The Arithmetical Hierarchy
The arithmetical hierarchy classifies sets of natural numbers by the number of alternating quantifiers needed to define them, linking logical complexity to degrees of uncomputability.
Definition
The arithmetical hierarchy stratifies the sets definable in first-order arithmetic by counting alternations of unbounded quantifiers in front of a computable matrix, with sigma-n sets defined by a block starting with an existential quantifier and pi-n sets by one starting with a universal quantifier.
Scope
This topic covers the classification of definable sets into the sigma, pi, and delta levels by quantifier alternation over computable relations, Post's theorem relating the hierarchy to the iterated halting problem and Turing jumps, the strictness of the hierarchy, and its extension to the analytical hierarchy.
Core questions
- How does quantifier alternation measure the complexity of a set?
- How do the sigma, pi, and delta classes at each level relate to one another?
- How does the hierarchy correspond to iterating the halting problem?
- Why is the hierarchy strict, with each level properly larger than the last?
Key theories
- Quantifier classification
- A set is sigma-n if definable by n alternating quantifier blocks beginning existentially over a computable relation, and pi-n if beginning universally; the computably enumerable sets are exactly the sigma-one sets.
- Post's theorem
- A set is sigma-(n+1) exactly when it is computably enumerable relative to the n-th Turing jump, tying the levels of the hierarchy to iterated relativized halting problems.

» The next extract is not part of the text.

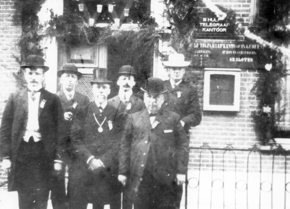 Foto, zwart/wit;Groep van zes mannen met hoed voor versierd telegraafkantoor Zwartewaal
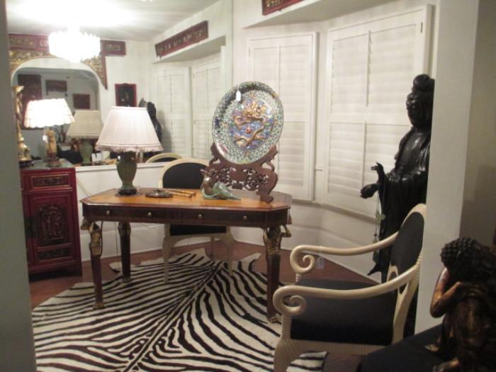 * TOLUCA LAKE ESTATE SALE* OVER THE TOP ASIAN COLLECTION--This House is stuffed to the Rafters! Wall-to-wall, Floor-to-ceiling....Bob LOVED to collect and he loved Everything Asian! 18th Century to Vintage/20th century, this is a very nicely curated collection---hundreds and hundreds of items! Chinese and Japanese Porcelain, Japanese and Chinese Bronzes, Antique carvings, Gilt-bronze carvings, Quan-Yin, Hotei, Lohans, Jade, Lapis, Agate, Jadeite, Malachite, Amethyst, Bowenite, Marble, Cinnabar, Lacquer, Rosewood, Boxwood, Elm, Amber, Rock Crystal, Rose Quartz, framed Antique Embroideries, Forbidden Stitch, Sleeve Bands and Robe segments, Snuff Bottle Collection, Art work, Decorative Art, Satsuma, Cloisonne, Champlove Cloisonne, Spirit Screens, Peking Glass,...

- Strictness of the hierarchy
- Each Turing jump is strictly more complex than the previous one, so every level of the arithmetical hierarchy properly contains the levels below it and the hierarchy does not collapse.
Clinical relevance
The arithmetical hierarchy is the standard yardstick for the complexity of definable problems in logic and computer science: it locates problems such as totality, finiteness, and cofiniteness of computable sets at precise levels, and it frames the boundary between what is computably enumerable and what requires stronger noncomputable resources.
History
Kleene and Mostowski independently introduced the arithmetical hierarchy around 1943, classifying sets by quantifier complexity over computable predicates. Post's theorem connected the hierarchy to the Turing jump, unifying the definability-based and computability-based perspectives, and the framework was later extended upward into the analytical hierarchy.
Key figures
- Stephen Cole Kleene
- Andrzej Mostowski
- Emil Post
Related topics
Seminal works
- rogers1987
- soare1987
- cutland1980
Frequently asked questions
- What does a higher level in the hierarchy mean?
- More alternating quantifiers mean a more complex definition and, by Post's theorem, a problem that requires more iterations of the halting problem to decide. Sets higher in the hierarchy are strictly less accessible to computation than those below them.
- Where do computably enumerable sets sit?
- They occupy the sigma-one level, definable by a single existential quantifier over a computable relation. Their complements occupy the pi-one level, and the sets that are both, the delta-one sets, are exactly the computable sets.